Project Overview and Context
An unprecedented mortality crisis befell the former socialist countries between 1989 and 1995 with
the transition from socialism to capitalism. The leading direct cause of death during the postsocialist
mortality crisis was acute heart disease and alcohol poisoning. Russia and some other former members
of the Soviet Union were affected the most (Billingsley 2011). As a result, while in the 1970s Russia
lagged behind western European countries by only 2-3 years in life expectancy, this gap increased to
15–17 years for men by the early 2000s (Shkolnikov et al. 2004), with a total excess mortality reaching
3.26 million in 1990–1999 (UNICEF 2001). The loss of healthy life expectancy had severe indirect
costs on the economy and the population as well. Researchers estimated the national income loss due
to illness in Russia at 1.8–4.7 percent of one year’s GDP during the first half of the 1990s (Bloom and
Malaney 1998).
Epidemiological research has uncovered various proximal (individual) causes of these deaths,
identifying alcohol, social isolation, strain, and psychological stress as the key reasons for increased
mortality (Scheiring et al. 2019a). However, distal (socio-economic) factors are less clear. The
magnitude of the mortality crisis suggests that these social determinants go beyond poverty,
encompassing broader segments of society through insecurity, stress, unemployment, and inequality
(Brainerd 1998).
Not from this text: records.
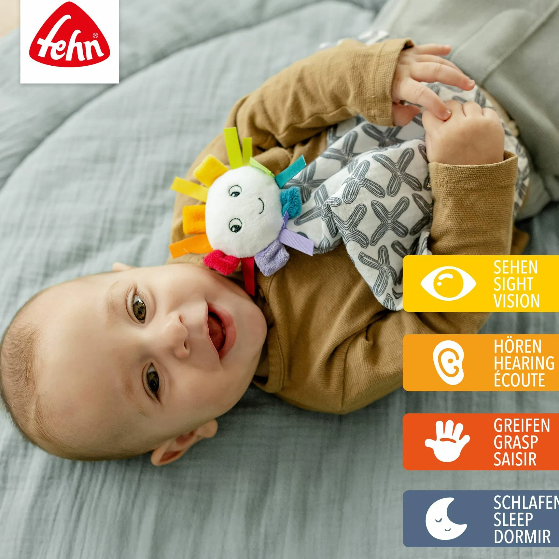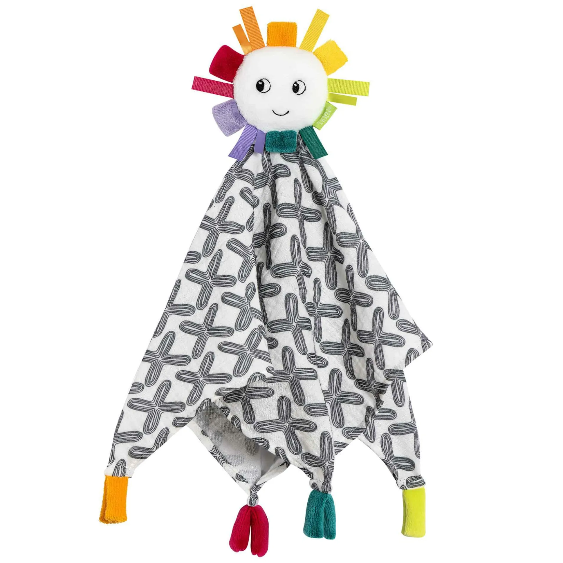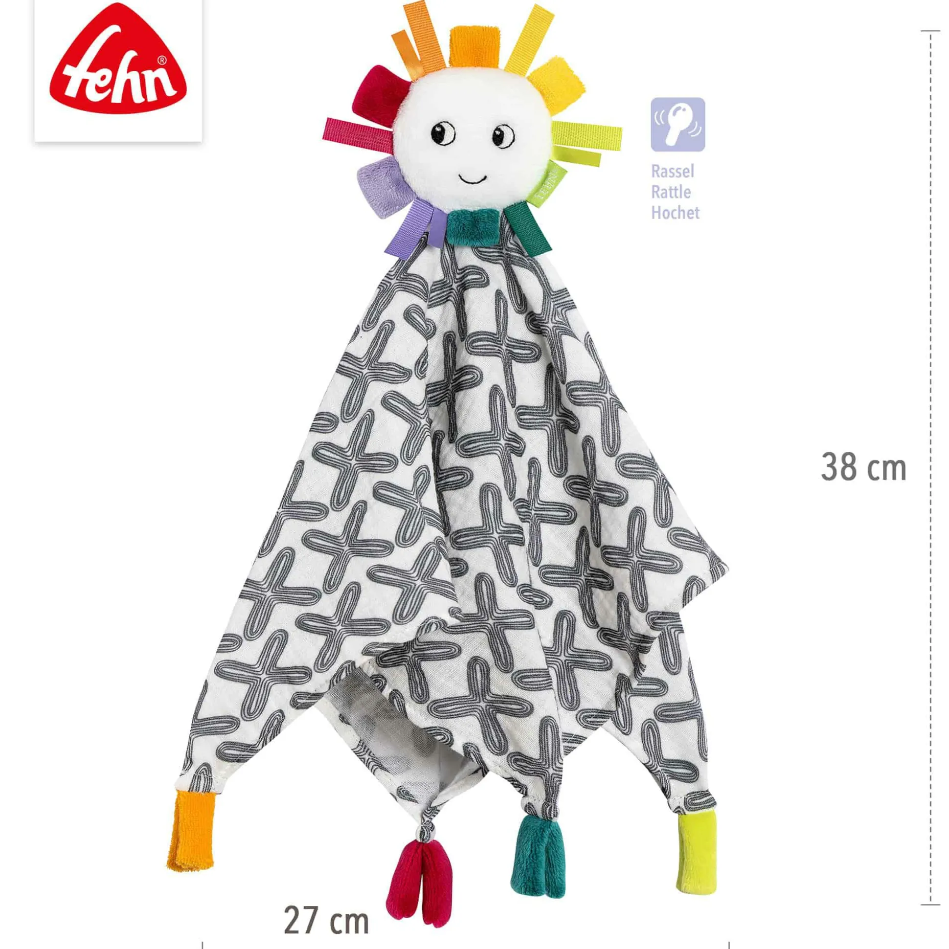 Das Musselin-Schmusetuch Sonne von fehn bringt von Geburt an ein strahlendes Lächeln in den Alltag deines Babys und begleitet es mit ganz viel Wärme und Geborgenheit. Mit seinem freundlichen Sonnenkopf und den bunten Bändchen lädt es zum Entdecken und Kuscheln ein – ein echter Lieblingsbegleiter für die Kleinsten.
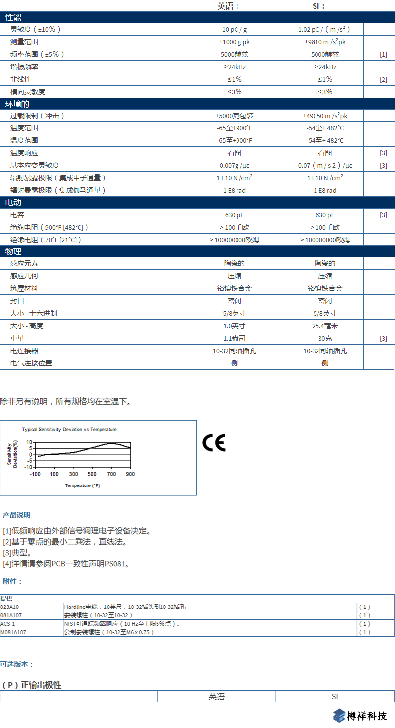 高溫,陶瓷壓縮,電荷輸出加速,10 pC / g,5kHz,10-32側連接。(-65°F至+ 900°F),配有10英尺硬線電纜靈敏度:(±10%)10 pC / g(1.02 pC /(m /s2))測量范圍:±1000 g pk(±9810 m /s2pk)頻率范圍:(±5%)5000 Hz重量:1.1盎司(30克)
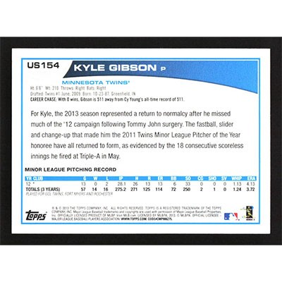 This is a 2013 Topps Update Kyle Gibson baseball card. The card is #US154 and pictures show condition.
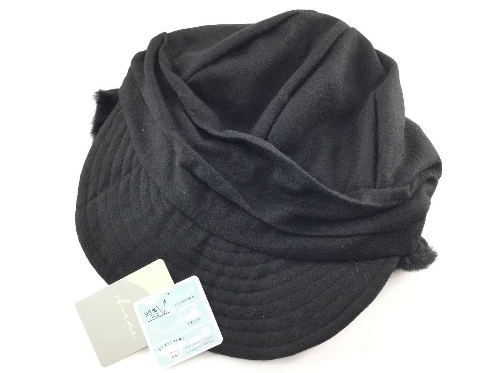 折返しイヤーカバー付 2WAYつば長キャスケットハット 紫外線カット機能付き Mサイズ ブラック 送料250円
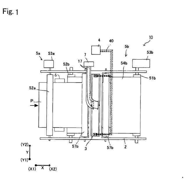 以下の説明において媒体Pが搬送される搬送方向を方向Xと称し、媒体Pが搬送される上流をX1側、下流をX2側として説明する。また、媒体Pにインクが着弾する着弾面の面内方向において、方向Xに直交する方向を方向Yと称し、方向Yにおける液体吐出装置10の一端をY1側、他端をY2側として説明する。さらに、方向X、及び方向Yの双方に直交する方向であって、プリントヘッド3から媒体Pに吐出されるインクが吐出される方向を方向Zと称し、プリントヘッド3から吐出されるインクは、方向ZのZ2側からZ1側に向かって吐出されるとして説明する。本実施形態において方向X、方向Y、及び方向Zは、互いに直交する軸として説明を行なうが、液体吐出装置10が備える構成が互いに直交して配置されていることに限定されるものではない。これらの方向X,Y,Zは、他の図にも適宜示した。
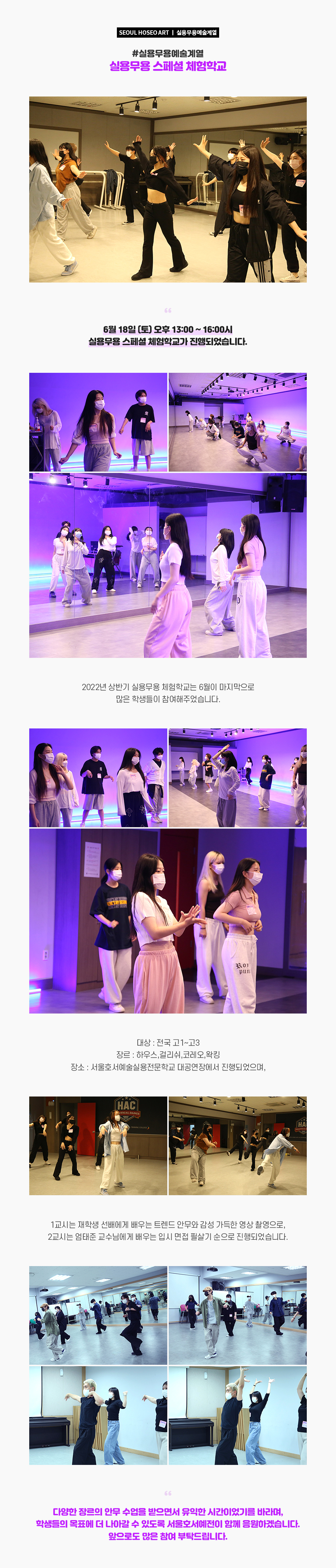 6월 18일 (토) 오후 13:00 ~ 16:00시 실용무용 스페셜 체험학교가 진행되었습니다. 2022년 상반기 실용무용 체험학교는 6월이 마지막으로 많은 학생들이 참여해주었습니다.
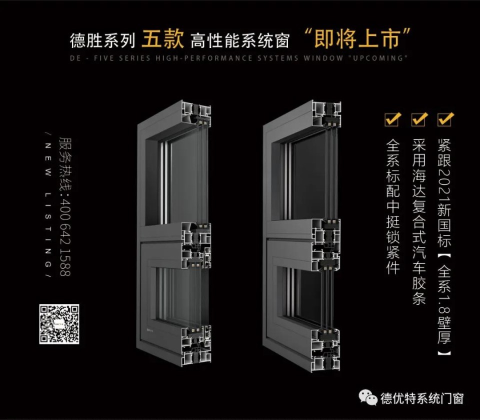 德优特(北京)门窗有限公司面对《北京市居住建筑设计节能标准》的正式执行,积极响应,特别推出五款高性能系统门窗,即将上市,我们打破常规门窗限制,创造出更加节能的系统门窗产品,争做新时代的系统门窗节能先锋。

Economic recessions and crises have also been convincingly linked to the loss of
healthy lives (Stuckler et al. 2009b). However, there is no direct link between the level of economic
production and mortality; other large-scale factors mediate the health impact of macroeconomic
cycles, like unemployment, inequality, the welfare state, or economic uncertainty. In turn, these
macro-level factors are influenced by economic policies, such as liberalization and privatization.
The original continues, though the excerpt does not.